◆ About this exercise:
Which lines run from the one containing "기본 반찬으로 양배추샐러드와" to the end of the material below? Copy them exactly, pictures excluded.

◆ Recorded data:
□ □ □ □ □
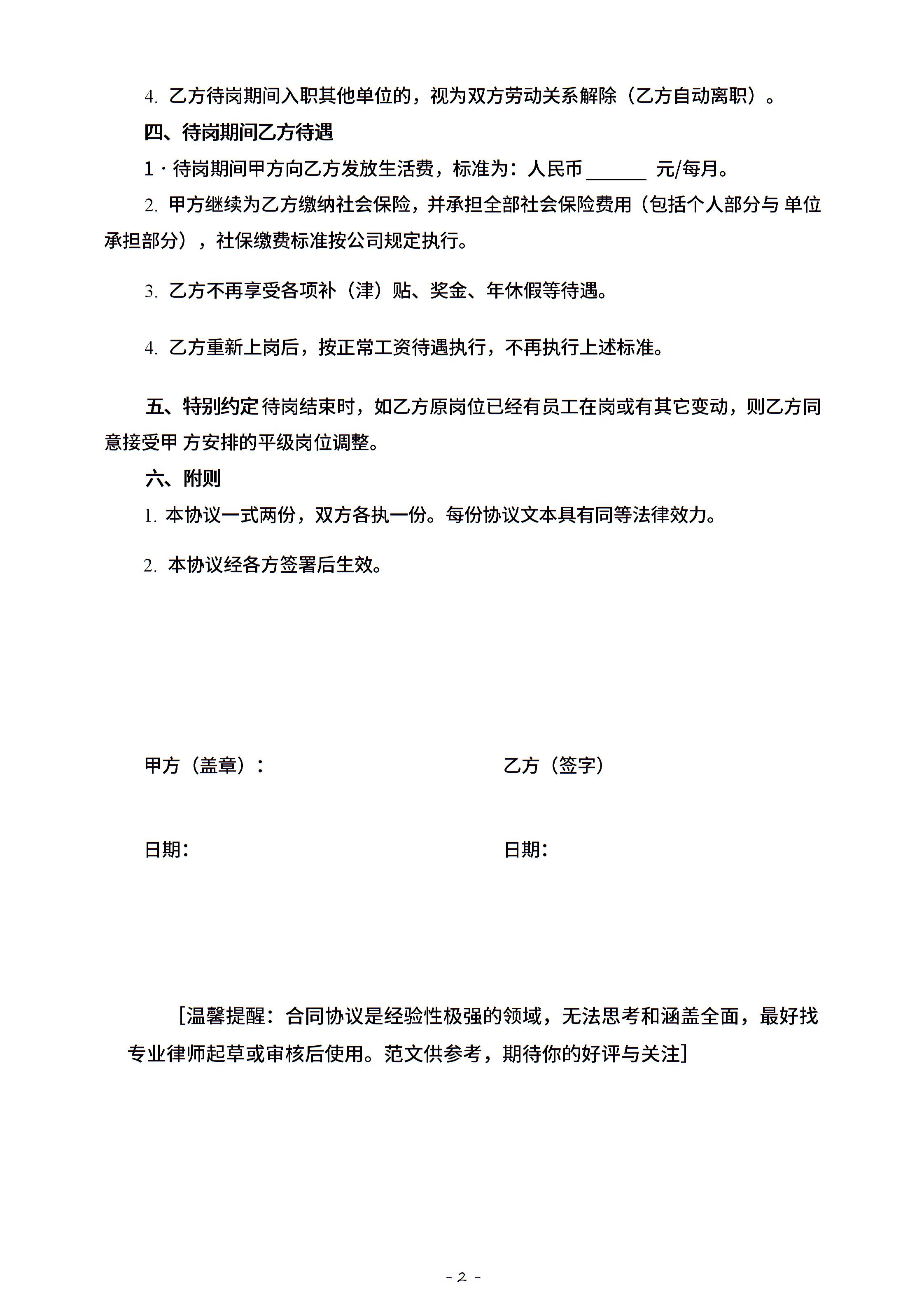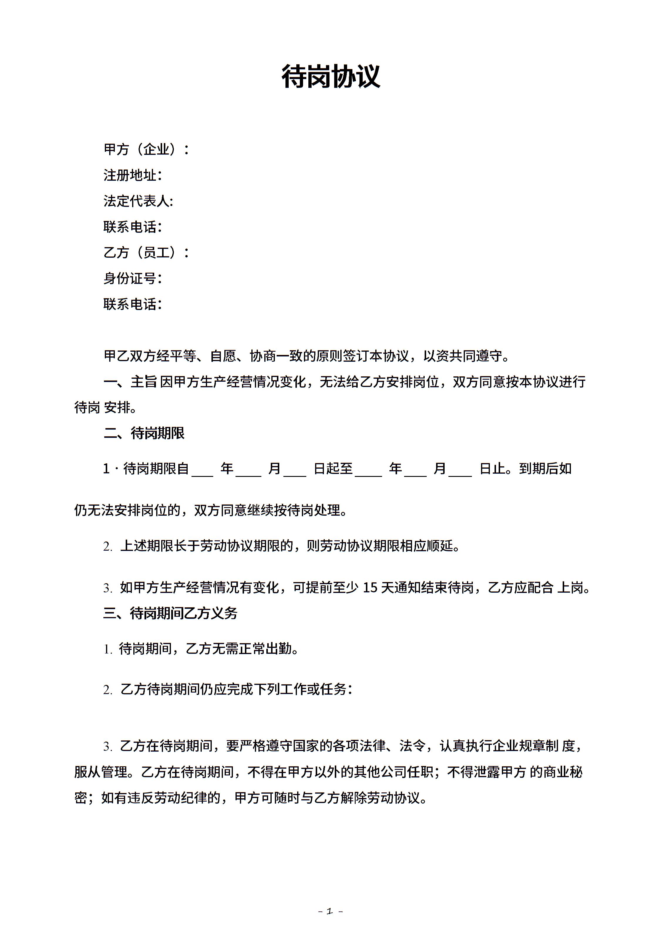 当前位置:量子办公 > 合同模板 > 待岗协议 >
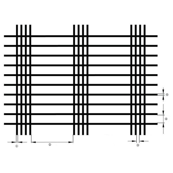 Answer: Material, warp wire diameter(①), ware wire distance(②③), welft wire distance(④), welft wire diameter(⑤), width x length, quantity.
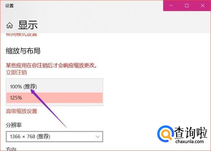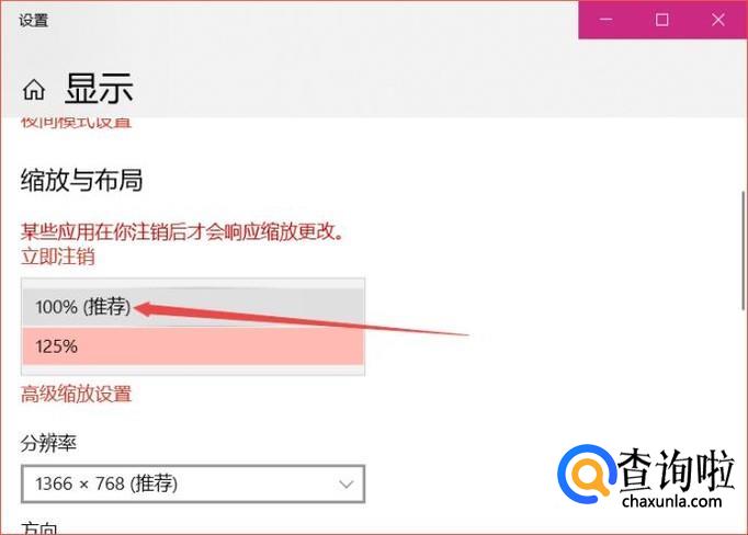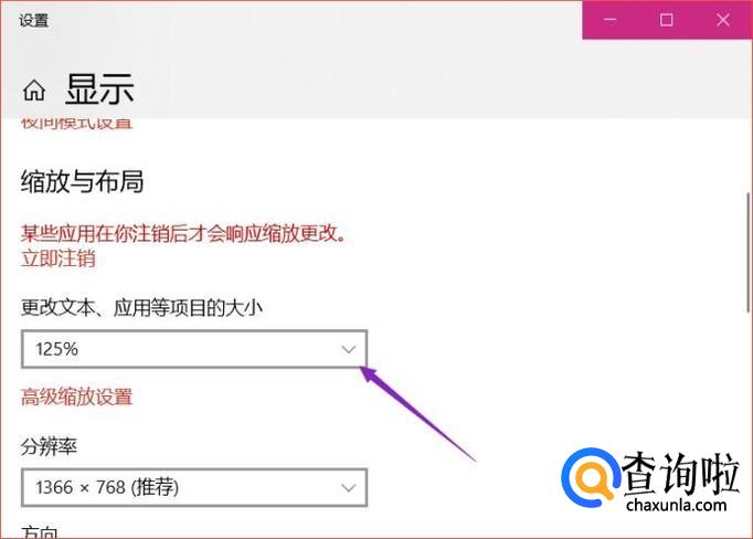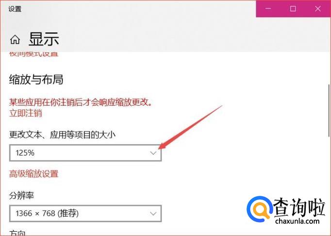 然后点击更改文本、应用等项目的大小边上的下拉箭头;
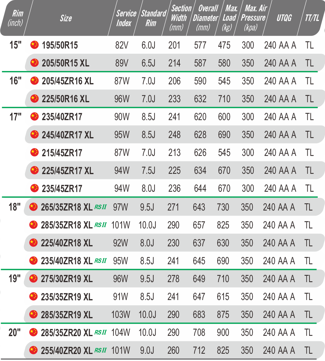 • Continuous center rib generates better grip in dry conditions and enhances high-speed stability
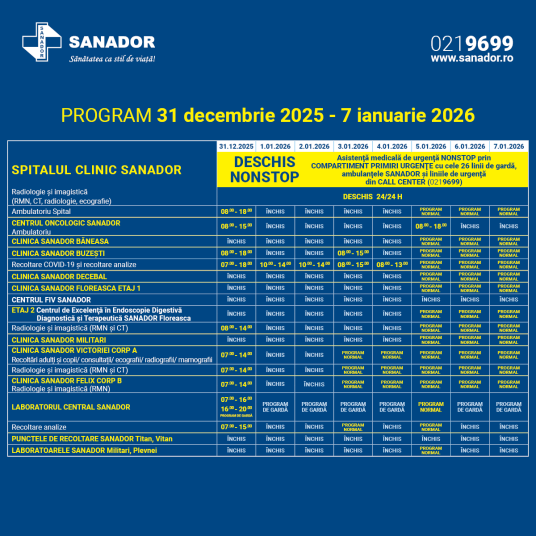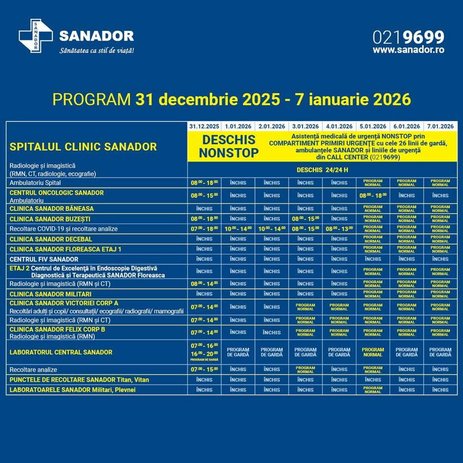 În perioada 31 decembrie 2025 - 7 ianuarie 2026, clinicile și punctele de recoltare SANADOR vor funcționa după un program special.
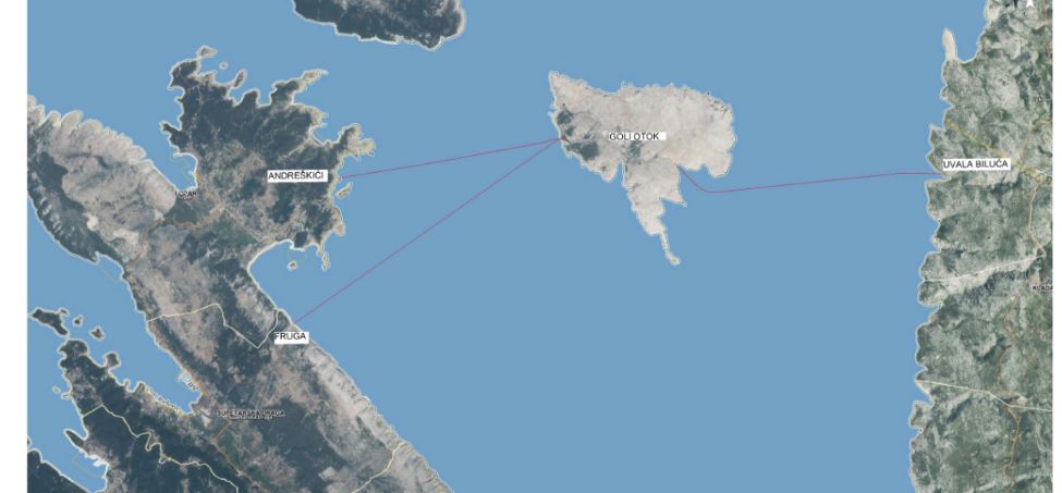 Radi se o tri 20 kV kabelske veze. Prve dvije su Uvala Fruga – Goli Otok – Uvala Biluća, ukupne dužine 11 km, izgrađene kao 35 kV kabelska veza još 1964. godine, a treća je kabelska veza Andreškići (uvala Stolac) – Goli Otok, dužine 4 km, izgrađena 1979. godine.
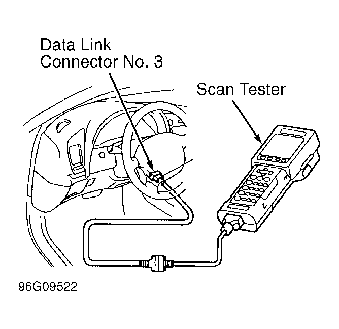 1. Remove cover (if equipped) and install scan tester on data link connector No. 3. See Figure. Turn ignition on. DO NOT start engine.
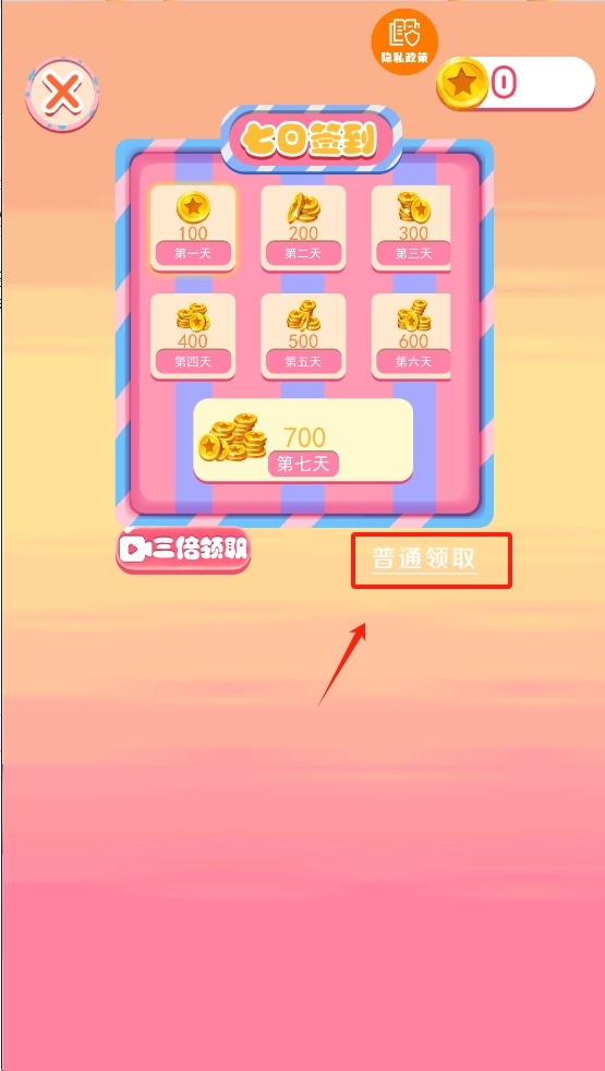 4、點擊簽到按鈕,領取每日獎勵,連續簽到可獲得更多金幣和道具。
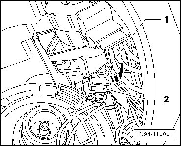 - Disconnect connector - 2 - and remove adjusting motor - 1 -.
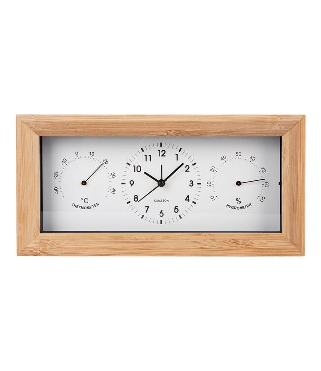 Met de Neat bamboe wekker van Karlsson haal je de perfecte combinatie tussen modern en natuurlijk in huis. Het stevige, rechthoekige frame is gemaakt van bamboe en heeft een minimalistische, tijdloze wijzerplaat. De Neat bamboe wekker van Karlsson leent zich uitstekend om bovenop de boeken op je nachtkastje te plaatsen of als pronkstuk in je thuiskantoor. Breedte: 26cm Hoogte: 13cm Lengte: 26cm Gewicht: 49g kleuren: Wit
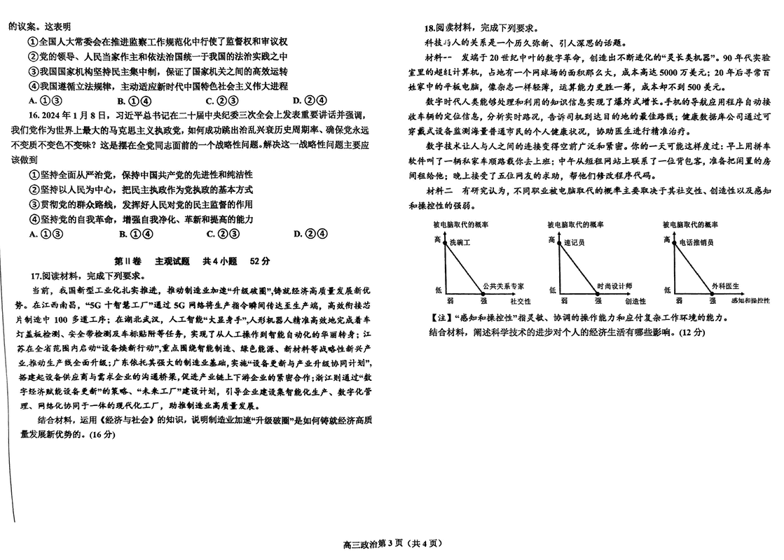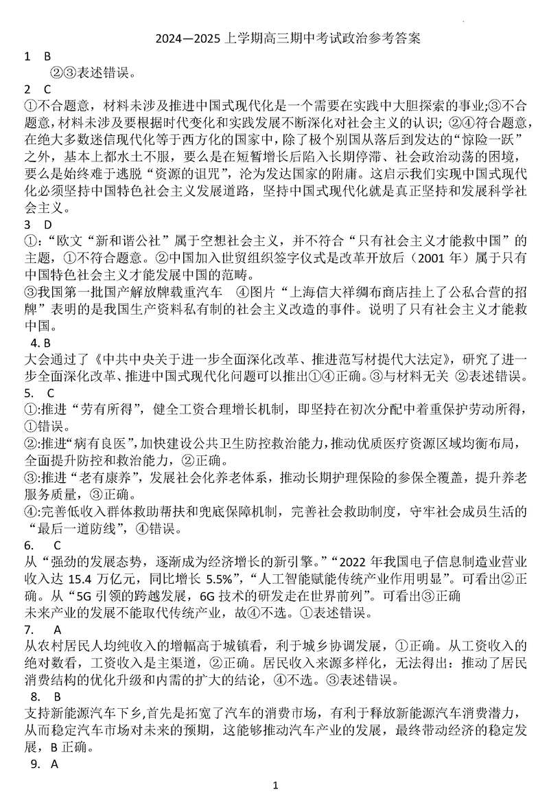 鞍山市重点高中协作校2025届高三上学期期中政治试题及答案
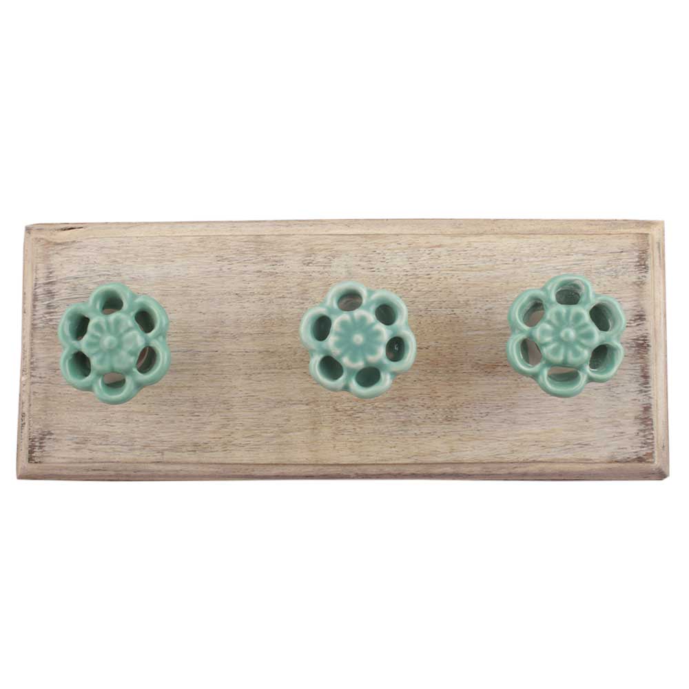 Sea Green Tiny Flower Ceramic Wooden Hooks Online. A Perfect Complement to the Soft Tone of the Wood are these White Traditional Hat and Coat Hook Made of Genuine Porcelain and Brass. It can be used to Hang Jewelry, Leashes, Towels, Scarves, Light Weight Sweaters, Caps etc.
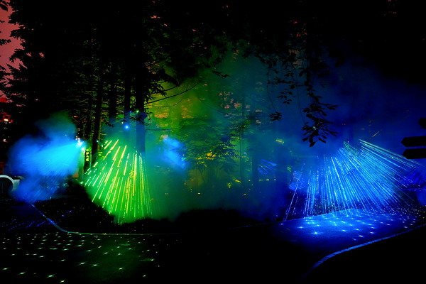 如同科幻電影中的場(chǎng)景,8米高U型機(jī)械開(kāi)合屏居中而立,四折屏立體環(huán)繞,雙面展示,側(cè)屏扇形開(kāi)啟后化三為一,開(kāi)合時(shí)間控制于150s,最終形成長(zhǎng)達(dá)40米的長(zhǎng)條巨幕。34列屏11組拼接,屏縫隙精密至2mm。這不僅是一場(chǎng)視覺(jué)的機(jī)械變形,更是技術(shù)與藝術(shù)的完美融合。
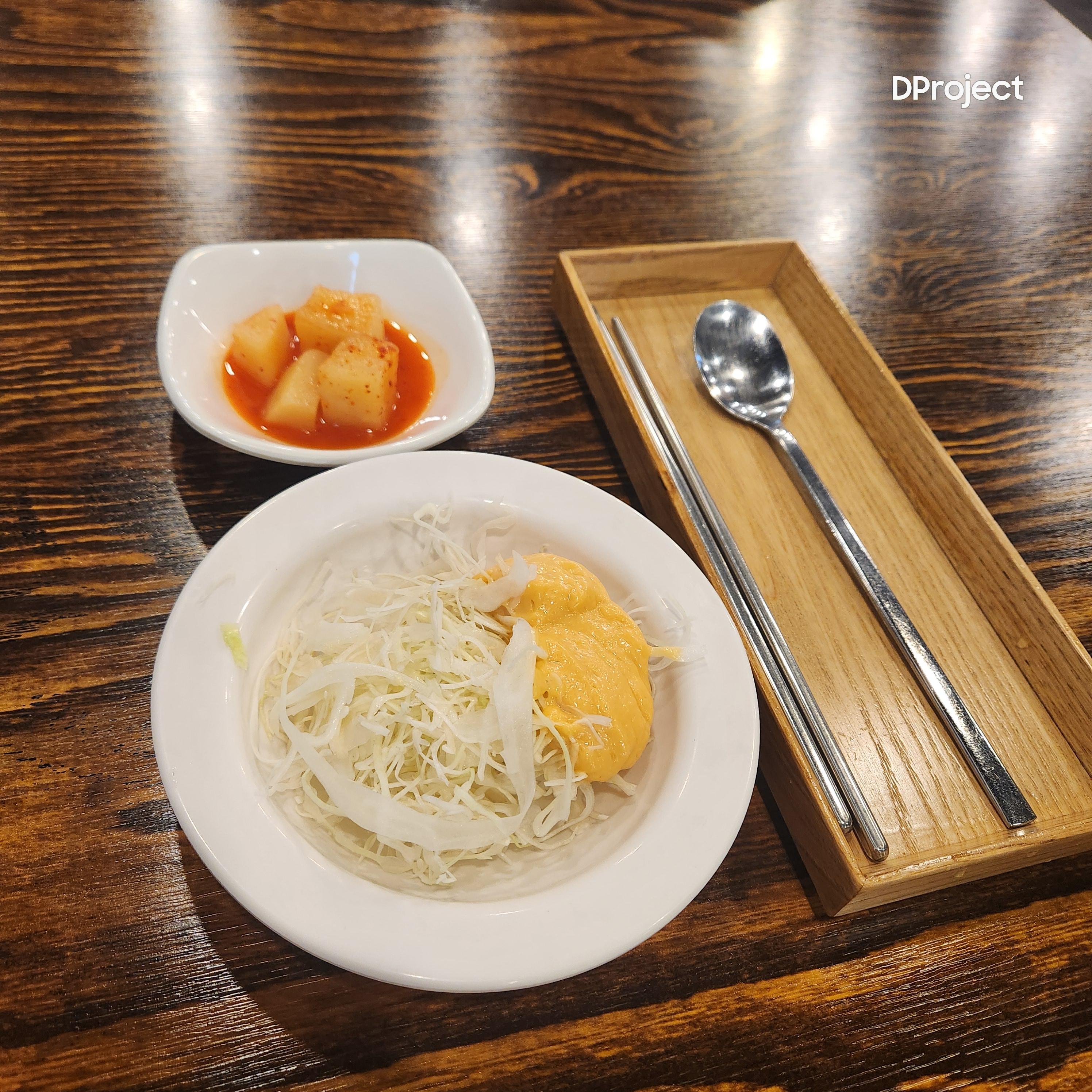기본 반찬으로 양배추샐러드와 깍두기가 나와요. 특히 양배추샐러드가 정말 아삭아삭하고 신선해서 맛있었어요! 🥗 입맛을 개운하게 해주는 역할을 톡톡히 해요!
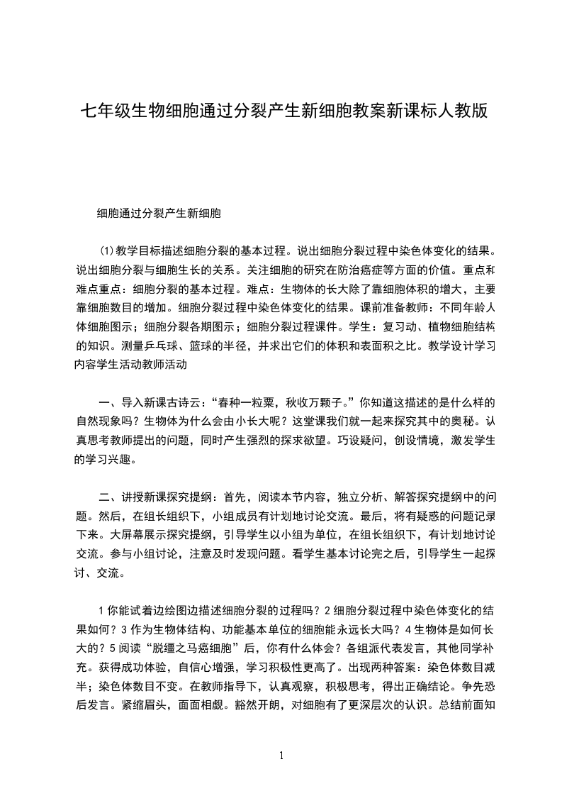 (1)教学目标描述细胞分裂的基本过程。说出细胞分裂过程中染色体变化的结果。说出细胞分裂与细胞生长的关系。关注细胞的研究在防治癌症等方面的价值。重点和难点重点:细胞分裂的基本过程。难点:生物体的长大除了靠细胞体积的增大,主要靠细胞数目的增加。细胞分裂过程中染色体变化的结果。课前准备教师:不同年龄人体细胞图示;细胞分裂各期图示;细胞分裂过程课件。学生:复习动、植物细胞结构的知识。测量乒乓球、篮球的半径,并求出它们的体积和表面积之比。教学设计学习内容学生活动教师活动
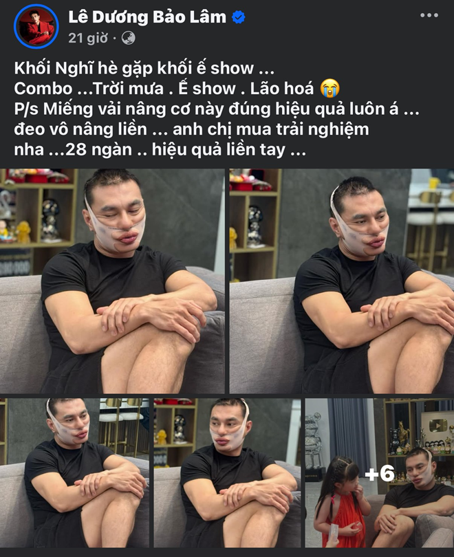 Trong một bài đăng mới nhất, Lê Dương Bảo Lâm hài hước nhưng không kém phần ngậm ngùi viết: "Khối nghỉ hè gặp khối ế show. Combo trời mưa - ế show - lão hoá.". Đi kèm đó là hình ảnh nam danh hài với khuôn mặt "biến dạng" cùng đôi môi "sưng vều".
□ □ □ □ □
◆ Answer to this task:
기본 반찬으로 양배추샐러드와 깍두기가 나와요. 특히 양배추샐러드가 정말 아삭아삭하고 신선해서 맛있었어요! 🥗 입맛을 개운하게 해주는 역할을 톡톡히 해요!
 (1)教学目标描述细胞分裂的基本过程。说出细胞分裂过程中染色体变化的结果。说出细胞分裂与细胞生长的关系。关注细胞的研究在防治癌症等方面的价值。重点和难点重点:细胞分裂的基本过程。难点:生物体的长大除了靠细胞体积的增大,主要靠细胞数目的增加。细胞分裂过程中染色体变化的结果。课前准备教师:不同年龄人体细胞图示;细胞分裂各期图示;细胞分裂过程课件。学生:复习动、植物细胞结构的知识。测量乒乓球、篮球的半径,并求出它们的体积和表面积之比。教学设计学习内容学生活动教师活动
 Trong một bài đăng mới nhất, Lê Dương Bảo Lâm hài hước nhưng không kém phần ngậm ngùi viết: "Khối nghỉ hè gặp khối ế show. Combo trời mưa - ế show - lão hoá.". Đi kèm đó là hình ảnh nam danh hài với khuôn mặt "biến dạng" cùng đôi môi "sưng vều".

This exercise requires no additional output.